Le a du 7° modifie le troisième alinéa de l'article L. 621-15 du code monétaire et financier qui, dans sa rédaction actuelle issue de la loi de régulation bancaire et financière d'octobre 2010, prévoit qu'un membre du collège « ayant examiné le rapport d'enquête ou de contrôle et pris part à la décision d'ouverture d'une procédure de sanction » est convoqué à l'audience.
Or, en pratique, ces dispositions pourraient, à raison du renouvellement régulier des membres du Collège, s'avérer délicates à mettre en œuvre dans le cas où une procédure de sanction serait d'une durée particulièrement longue.
Il est donc proposé de supprimer cette condition à l'article L. 621-15 du code monétaire et financier.
Le b du 7° introduit un manquement autonome d'entrave.
À ce jour, la seule réponse à l'obstruction aux investigations des enquêteurs et des contrôleurs est pénale conformément à l'article L. 642-2 du code monétaire et financier. Or, en pratique, les contrôleurs tout comme les enquêteurs sont souvent confrontés à un manque de coopération des personnes faisant l'objet d'un contrôle ou d'une enquête. Cette inertie dilatoire peut dans certains cas prolonger très nettement les délais des procédures de contrôle et/ou d'enquête.
L'introduction dans l'article L. 621-15 II du code monétaire et financier d'un nouveau manquement administratif sanctionnant l'obstruction aux investigations des enquêteurs et des contrôleurs, susceptible d'être sanctionné par la Commission des sanctions, résulte d'une volonté marquée d'accroître le caractère dissuasif de la sanction d'un tel comportement auquel les enquêteurs et les contrôleurs sont aujourd'hui trop souvent confrontés en pratique.
Le c du 7° modifie le III de l'article L. 621-15 pour prévoir le montant des sanctions.
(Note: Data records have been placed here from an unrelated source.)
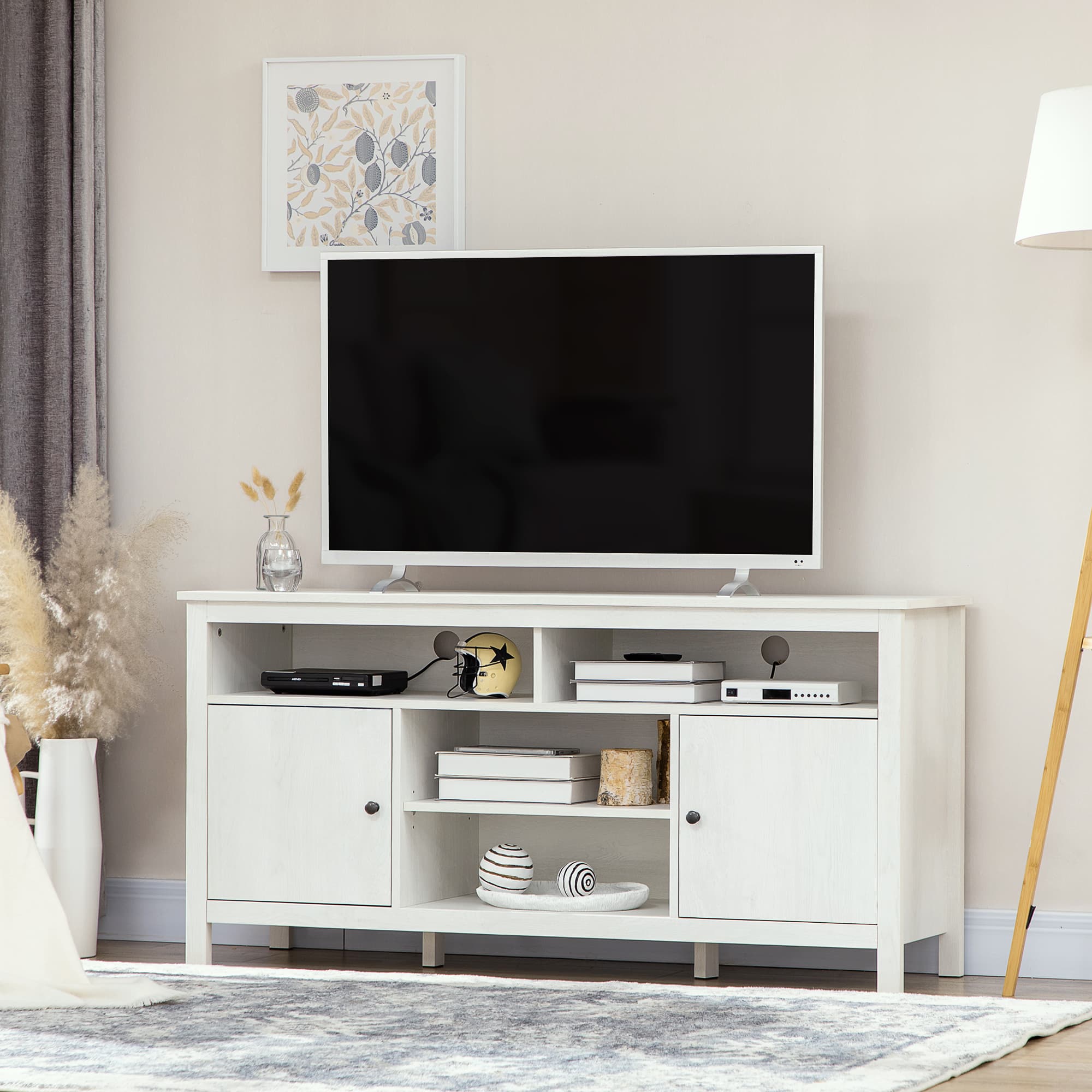 HOMCOM Entertainment Center TV Stand for 65" TVs, Storage Shelves & Doors, White for Living Room Bedroom | Aosom.com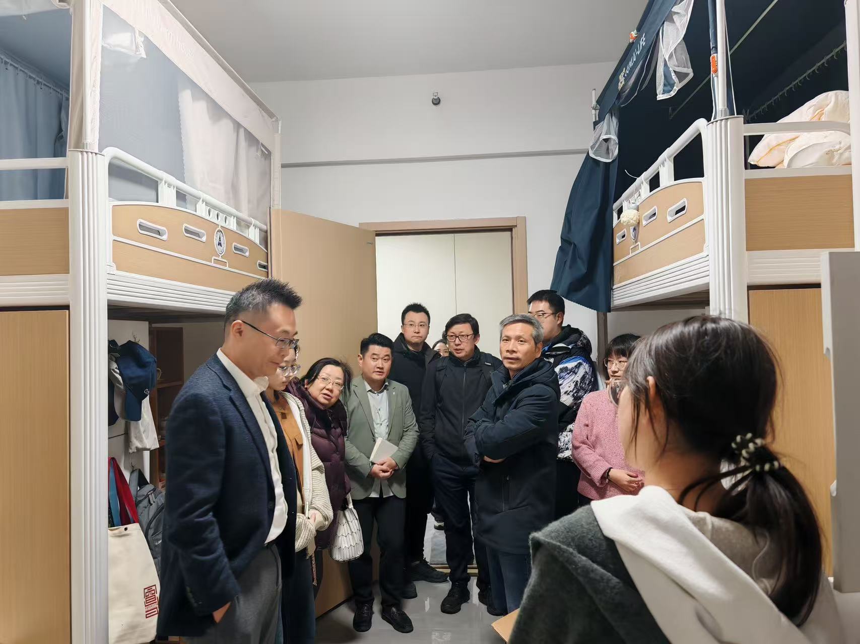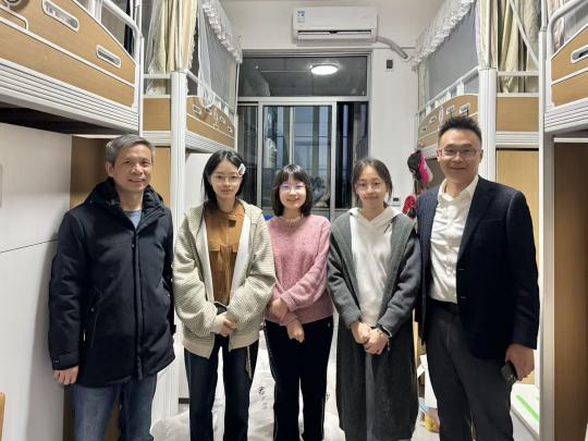 (通讯员 孙紫微)新学期伊始,万象更新。为深入了解会计学院学生返校情况及思想动态,实地察看新宿舍入住体验,传递学院的关怀与期望,2月28日晚,校党委常委、副校长兼会计学院院长张琦、会计学院党委书记周勇率会计学院领导班子及本科生辅导员,深入临湖6栋、临湖7栋等学生宿舍楼走访慰问返校学子。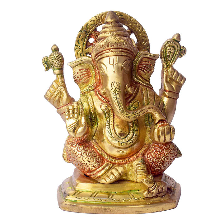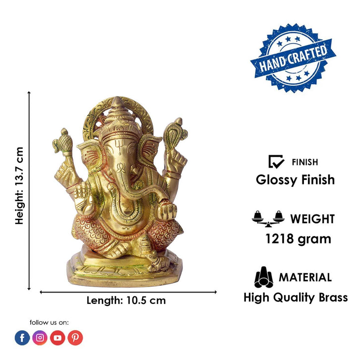 • About the Product: 5.4 Inch Multicolor Brass Lord Ganesha Idol for Home Mandir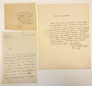 et les transports des engrais (1 pages in-12 recto-verso). Bernard LACEPEDE. Lettre autographe signée et adressée le 6 juin 1822 à Annibal MARROT. IL le remercie de leur soutien à lui et à son fils (1 page in-4) et Alexander HUMBOLDT. Lettre autographe signée et datée du 4 février 1837. Il évoque une expérience « faite en plaçant une jambe sous une pompe pneumatique ou elle tombe dans le vide). Billet in-16.

À cette même occasion, le e du II de l'article L. 621-15 du code monétaire et financier, sur le fondement duquel la commission des sanctions peut prononcer une sanction à l'encontre de toute personne qui, sur le territoire français ou étranger, s'est livrée ou a tenté de se livrer à la diffusion d'une fausse information lors d'une opération d'offre au public de titres financiers n'a pas son correspondant dans le III du même article, qui a pour objet de préciser le montant de la sanction pécuniaire correspondant, comme c'est le cas pour les a, b, c et d du II. Il est donc proposé de combler cette lacune au ajoutant aux b et c du III de l'article L. 621-15 la référence aux faits mentionnés, non seulement aux c et d du II, mais également au e de ce même paragraphe II.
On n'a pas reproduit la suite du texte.